Exercise description: Return only the lines running from the one that contains "11- Lance os" through the end of the entries, exactly, both ends included. Omit pictures.

Saved data entries:
━━━━━━━━
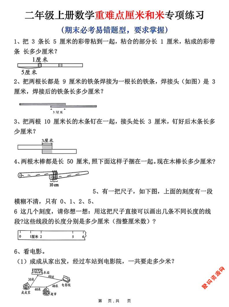 聚码网 二年级 二上数学重难点厘米和米应用题易错专项练习(含答案10页) http://www.appstore168.com/107008.html
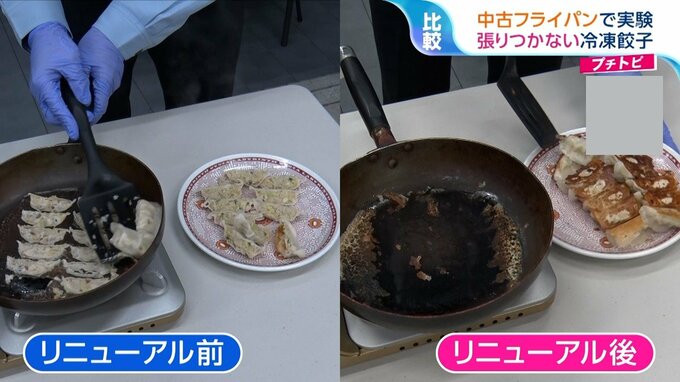 実際に送られてきた、コーティングがはげたかなり使い込まれたフライパンで、リニューアルの前と後のギョーザを焼いてみると・・・
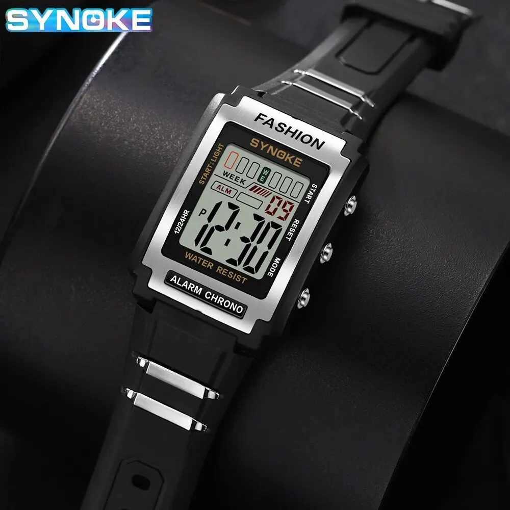 Test et avis sur la montre SYNOKE Hommes Rectangulaire Sport Montre Électronique Étanche 50M Night Light Grand Écran Réveil Tendance Rétro Style
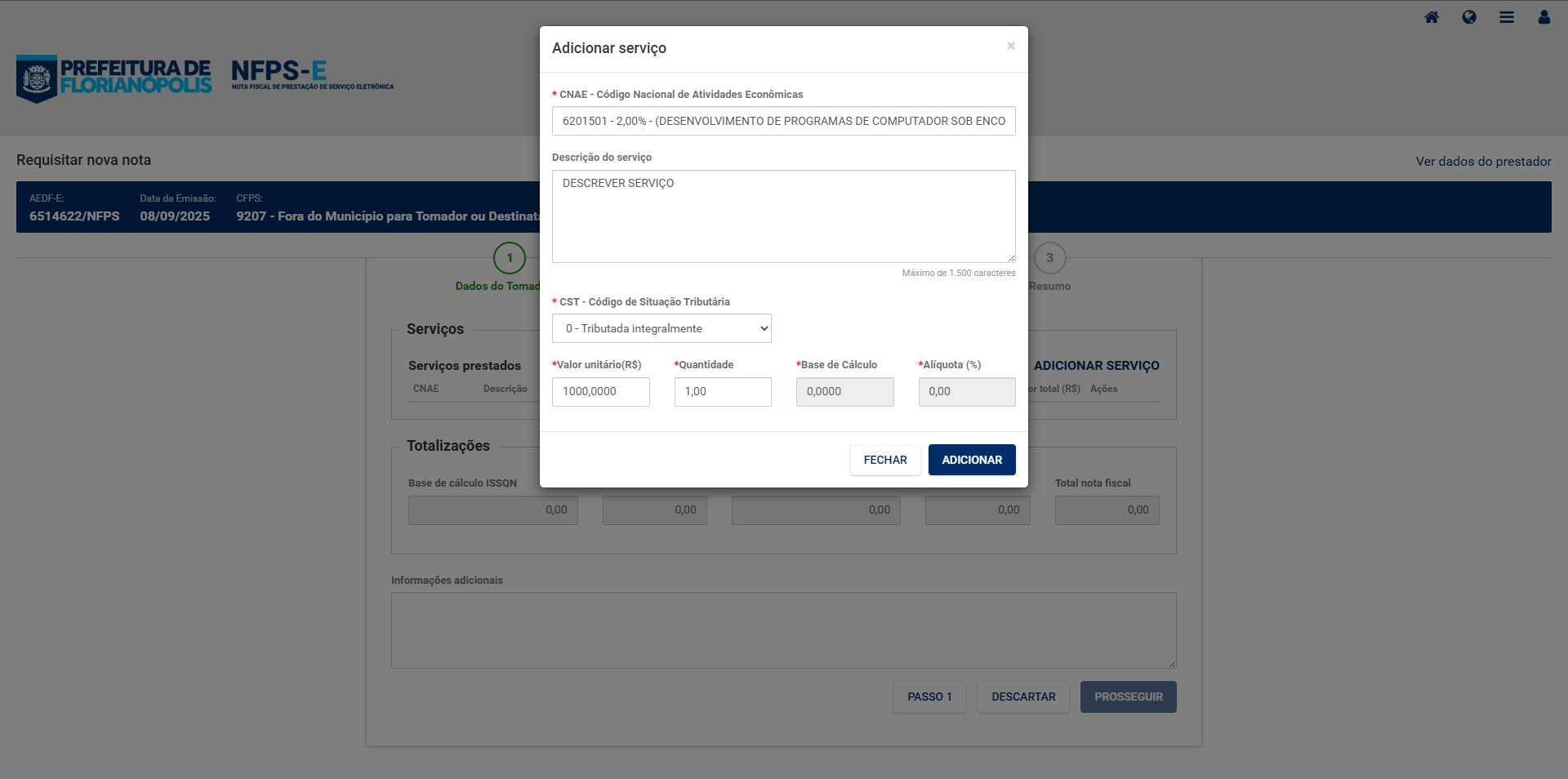11- Lance os dados conforme o serviço prestado.
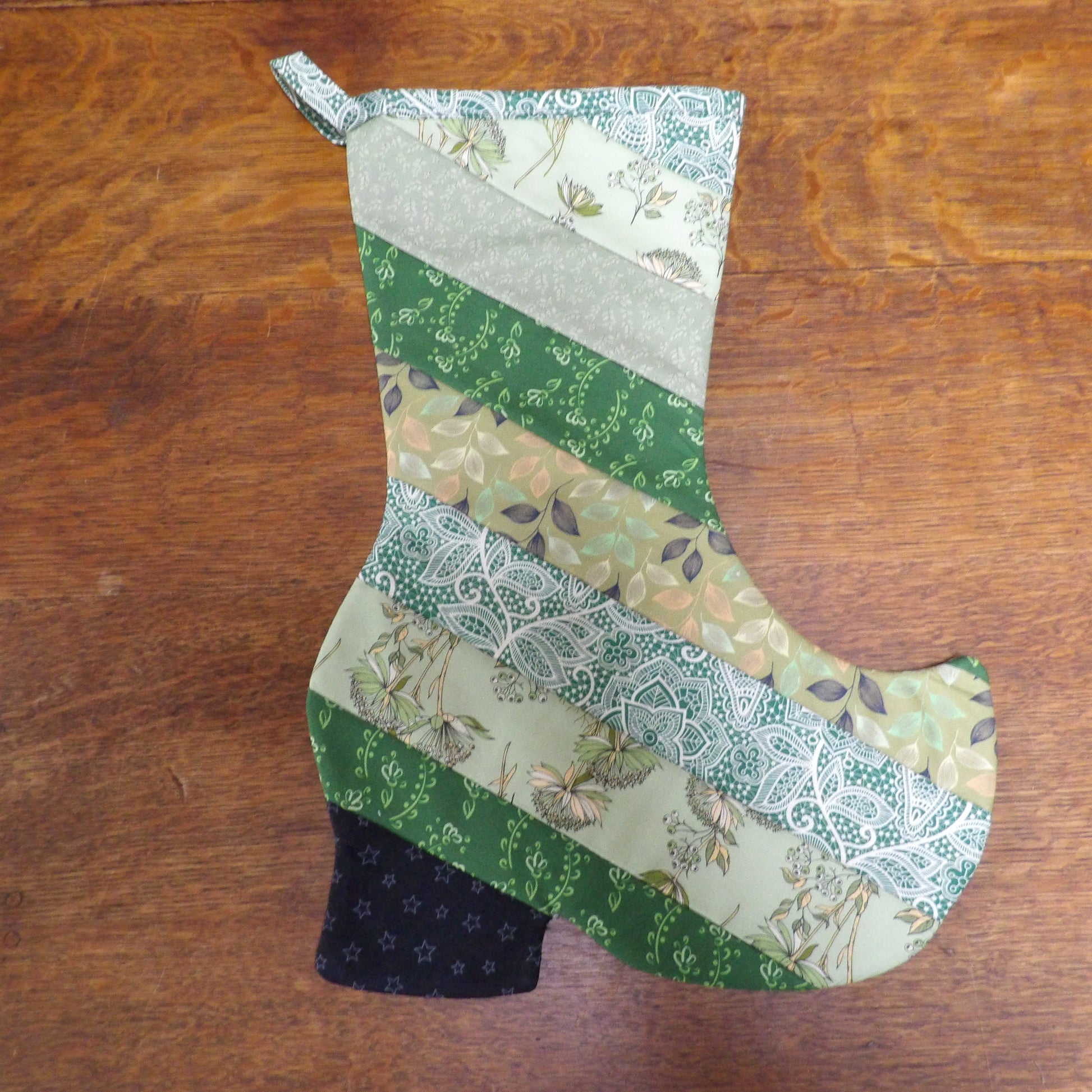 Handmade Quilted Witch's Boot Christmas Stocking - Green (ish)
━━━━━━━━
Exercise answer:
11- Lance os dados conforme o serviço prestado.
 Handmade Quilted Witch's Boot Christmas Stocking - Green (ish)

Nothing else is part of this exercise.